Make No Mistake: God is Not “In the Dock”

In England, when a prisoner is on trial, the place where he sits is called “the dock.” So, the accused is said to be “in the dock.”

C.S. Lewis, in his brilliant essay, “God in the Dock,” points out that somehow modern man thinks that God is “in the Dock”: that God must give an account of himself to humanity.

The ancient man approached God (or even the gods) as the accused person approaches his judge. For the modern man the roles are reversed. He is the judge: God is in the dock. He is quite a kindly judge: if God should have a reasonable defence for being the god who permits war, poverty, and disease, he is ready to listen to it. The trial may even end in God’s acquittal. But the important thing is that Man is on the Bench and God in the Dock (God in the Dock, page 244).[1]

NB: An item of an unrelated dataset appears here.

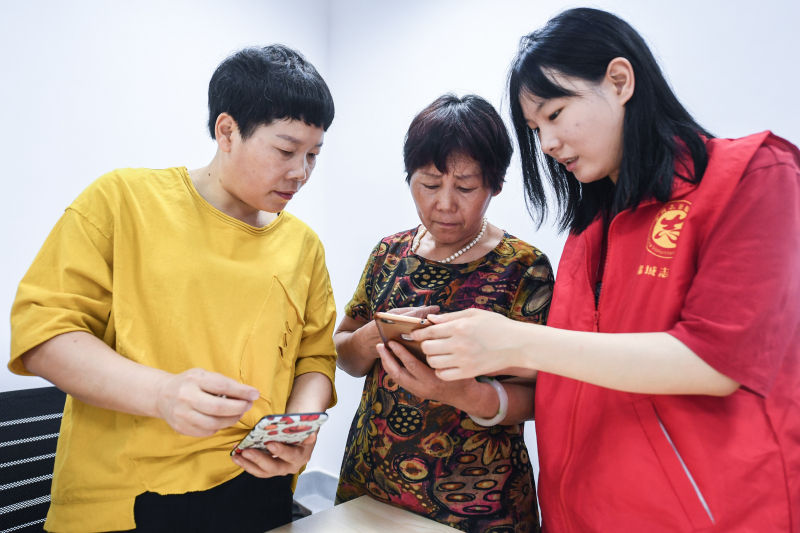 6月4日,在杭州市臨安區(qū)錦城街道勝利社區(qū),青年社工指導(dǎo)老人們用手機(jī)購物 徐昱/攝

Who can deny that Modern Man largely believes that God must defend himself to human beings? Somehow, Modern Humanity is audacious enough to act as though God must meet a standard humanity establishes.

Can anything be more ridiculous?

It’s as though Modern Man stands on the edge of the Sears tower in Chicago and peers over the side. With his toes hanging over the edge, and the wind gusting at his back, even as he watches others scream and pitch over the side, Modern Man says smugly, “I am not sure that I approve of the law of gravity. In fact, I’m not sure I agree with it at all. What kind of a law would cause people to fall off objects?”

Don’t get me wrong. Modern Man is a reasonable sort of “chap” (I have to stay with British words when interacting with Lewis), he is willing to listen to a few defend to him the law of gravity. But, generally, he takes a pass on accepting that gravity has any particular bearing for him and those he knows.

So, for a few moments – – the length of time a wisp of steam rises over your coffee cup (James 4:14), Modern Man stands with a smirk on his face laughing at the law of gravity. Soon enough, a gust of wind comes along and an eternal plunge begins.


[1] C.S. Lewis, “God in the Dock,” in God in the Dock: Essays on Theology and Ethics, ed. Walter Hooper (Grand Rapids: Eerdmans, 1970), 244.